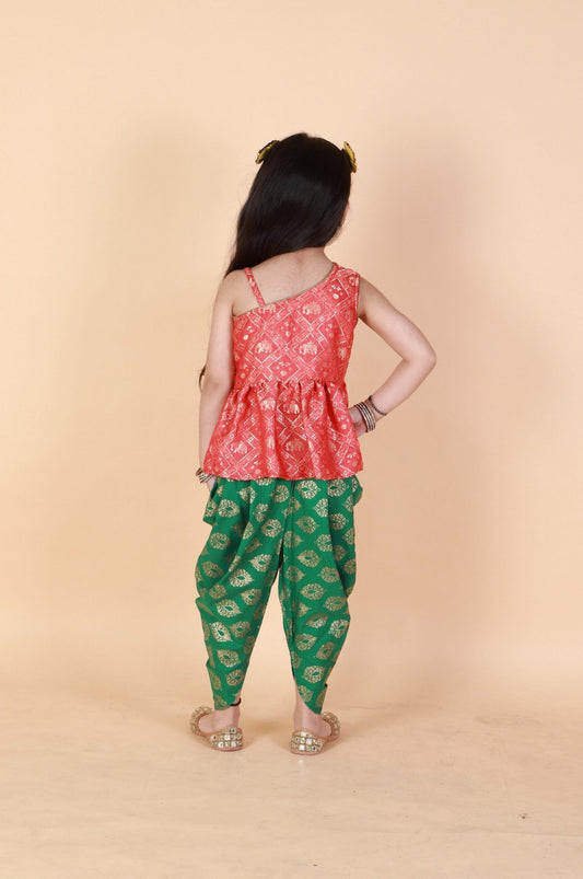 Twisha Girls Asymmetric Elephant Design Top With Printed Dhoti- Red & Green
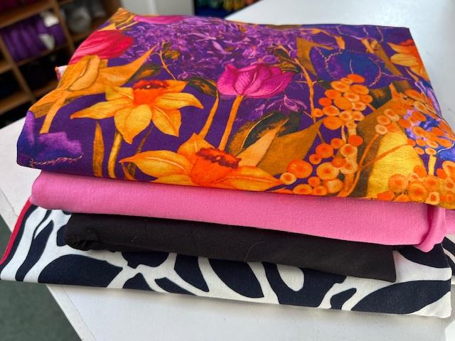 Bomuldsjersey, isoli, fastvævet viscose, hør, poplin, fastvævet bomuld, fleece, gauze og fløjl
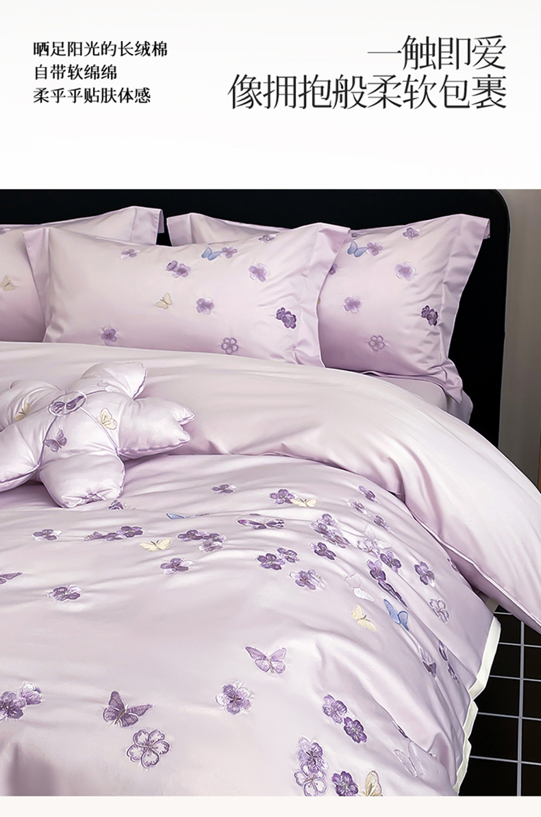 (总)蓝米卡夫 2026春季新款-100S长绒棉贡缎刺绣系列四件套-阿勒泰福蝶(礼盒),阿勒泰福蝶-芝士奶茶,阿勒泰福蝶-梦幻紫韵,阿勒泰福蝶-桃粉蜜桃
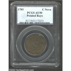 1785 COPPER Nova Constellatio Copper, Pointed Rays AU50 PCGS. Crosby 3-B. The fields have chocolate-brown color, while the devices have tan patina. A minor rim ding above AT in CONSTELLATIO is not a major distraction. The surfaces are relatively free from both verdigris and abrasions. Listed on page 34 of the 2003 Guide Book. Important notice: We expect to be auctioning lots at the rate of 200-250 per hour. Sometimes eBay Premier live bid software cannot keep up with that pace, so we strongly recommend that you place a realistic proxy bid now as insurance to avoid disappointment. Also please note that all Heritage/CAA lots purchased through eBay Premier carry a 20% Buyer's Premium. Please make sure you read the Terms and Conditions.
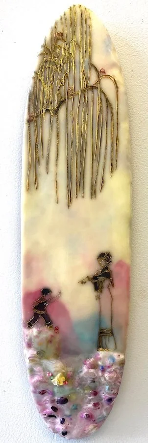 Encaustic and mixed media on skimboards
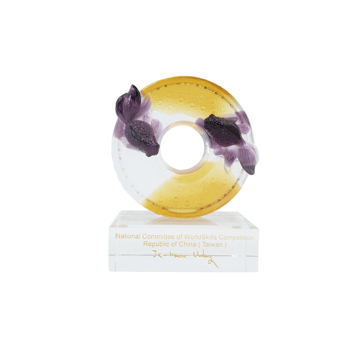 - Paperweight featuring two purple koi fish. The inscription on the base reads "National Committee of WorldSkills Competition, the Republic of China (Taiwan)."
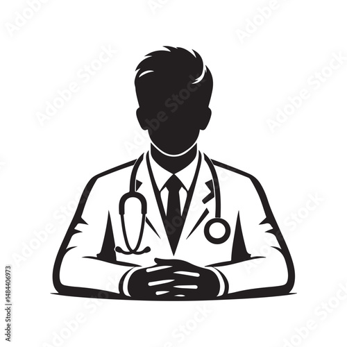 Vector Doctor Silhouette Medical Illustration, Vector Doctor Silhouette Black and White Illustration, Doctor Vector Icon Medical Worker Concept .

◇ ◇ ◇

● **Task goal**
What the response needs is every entry, repeated exactly, and none of the pictures.

● **Solved exercise**
 Twisha Girls Asymmetric Elephant Design Top With Printed Dhoti- Red & Green
 Bomuldsjersey, isoli, fastvævet viscose, hør, poplin, fastvævet bomuld, fleece, gauze og fløjl
 (总)蓝米卡夫 2026春季新款-100S长绒棉贡缎刺绣系列四件套-阿勒泰福蝶(礼盒),阿勒泰福蝶-芝士奶茶,阿勒泰福蝶-梦幻紫韵,阿勒泰福蝶-桃粉蜜桃
 1785 COPPER Nova Constellatio Copper, Pointed Rays AU50 PCGS. Crosby 3-B. The fields have chocolate-brown color, while the devices have tan patina. A minor rim ding above AT in CONSTELLATIO is not a major distraction. The surfaces are relatively free from both verdigris and abrasions. Listed on page 34 of the 2003 Guide Book. Important notice: We expect to be auctioning lots at the rate of 200-250 per hour. Sometimes eBay Premier live bid software cannot keep up with that pace, so we strongly recommend that you place a realistic proxy bid now as insurance to avoid disappointment. Also please note that all Heritage/CAA lots purchased through eBay Premier carry a 20% Buyer's Premium. Please make sure you read the Terms and Conditions.
 Encaustic and mixed media on skimboards
 - Paperweight featuring two purple koi fish. The inscription on the base reads "National Committee of WorldSkills Competition, the Republic of China (Taiwan)."
 Vector Doctor Silhouette Medical Illustration, Vector Doctor Silhouette Black and White Illustration, Doctor Vector Icon Medical Worker Concept .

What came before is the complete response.